Answer:
The theoretical yield of alum is 19.873 grams and percent yield for this alum synthesis is 45.33%.
Explanation:
Mass of bottle = 10.221 g
Mass of bottle with aluminium pieces = 11.353 g
Mass of aluminium = 11.353 g - 10.221 g = 1.132 g
Mass of alum and bottle = 19.230 g
Mass of alum = 19.230 g - 10.221 g = 9.009 g
Experimental yield of alum = 9.009 g
Theoretical yield of alum:
[tex]2Al(s) +2 KOH(aq) +4H_2SO_4(aq)+10 H_2O(l) \rightarrow 2 KAl(SO_4)_2.12 H_2O(s)+3H_2(g)[/tex]
Moles of aluminium = [tex]\frac{1.132 g}{27 g/mol}=0.041926 mol[/tex]
According to reaction, 2 moles of aluminum gives 2 moles of alum.
Then 0.041926 mol aluminium will give :
[tex]\frac{2}{2}\times 0.041926 mol=0.041926 mol[/tex] of alum.

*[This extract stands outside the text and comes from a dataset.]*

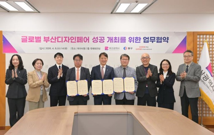 [코리아 이슈저널=김태훈 기자] 부산광역시 동구는 4월 8일 부산시청 국제의전실에서 부산광역시, 주식회사 디알비동일과 함께 ‘글로벌 부산디자인페어’ 추진을 위한 업무협약(MOU)을 체결했다고 밝혔다.

Mass of 0.041926 moles of alum:
0.041926 mol × 474 g/mol= 19.873 g
Theoretical yield of alum = 19.873 g
Percentage yield:
[tex]\% Yield =\frac{\text{Experimental yield}}{\text{Theoretical yield}}\times 100[/tex]
Percentage yield of the alum:
[tex]\% Yield =\frac{ 9.009 g}{19.873 g}\times 100=45.33\%[/tex]
The theoretical yield of alum is 19.873 grams and percent yield for this alum synthesis is 45.33%.